═════ Supplied information

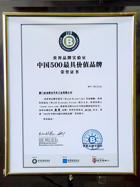 گواهی 500 نام تجاری با ارزش چین در سال 2004
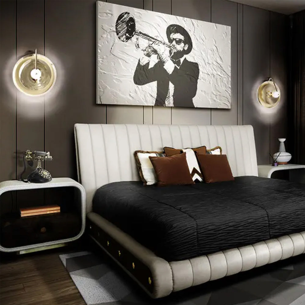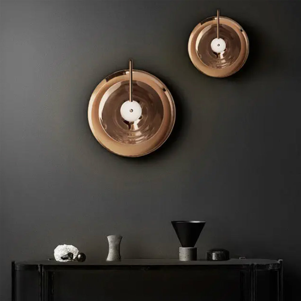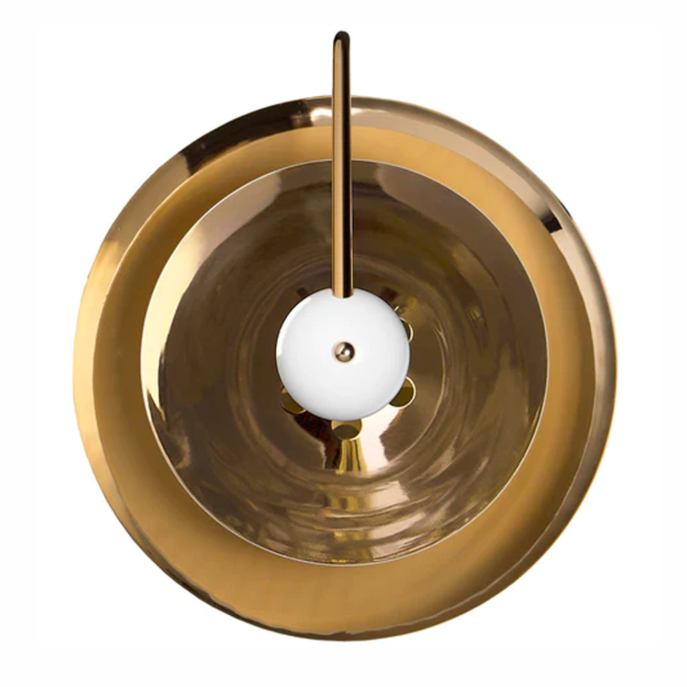 The Basie Wall Light is a modern representation of the sci-fi aesthetics of the 1960s. Basie is an indoor wall light handmade in brass, with a central shade made in aluminium and a mesmerising gold-plated finish. The lamp shade is lacquered a glossy white for a more modern look.
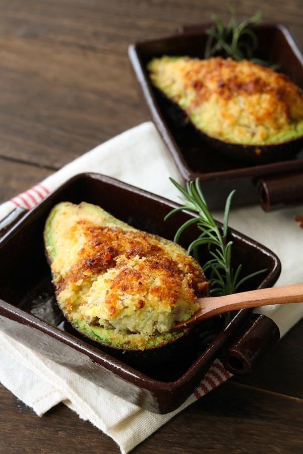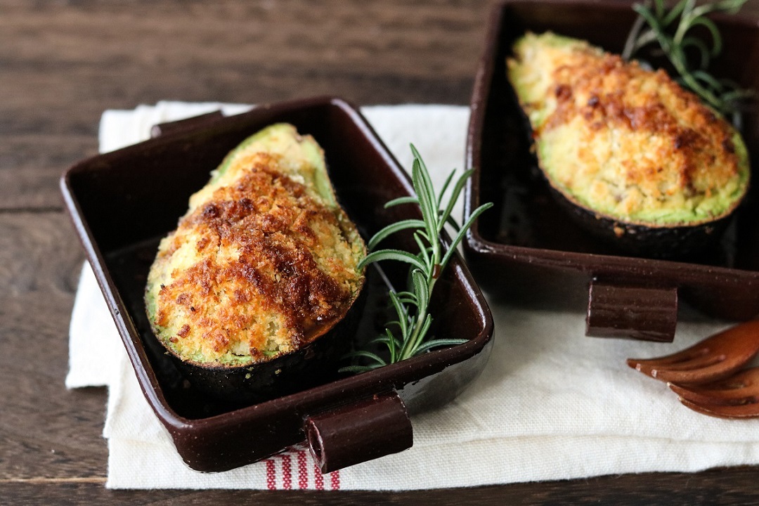アボカドカップにコロッケ種を詰めた焼きコロッケ風。クリーミーなアボカドとホクホクじゃがいもがよく合います。パンなどを合わせてどうぞ♪

══════════

## Brief
Leaving out the images, repeat the listing above exactly.

## Exercise response
 گواهی 500 نام تجاری با ارزش چین در سال 2004
 The Basie Wall Light is a modern representation of the sci-fi aesthetics of the 1960s. Basie is an indoor wall light handmade in brass, with a central shade made in aluminium and a mesmerising gold-plated finish. The lamp shade is lacquered a glossy white for a more modern look.
アボカドカップにコロッケ種を詰めた焼きコロッケ風。クリーミーなアボカドとホクホクじゃがいもがよく合います。パンなどを合わせてどうぞ♪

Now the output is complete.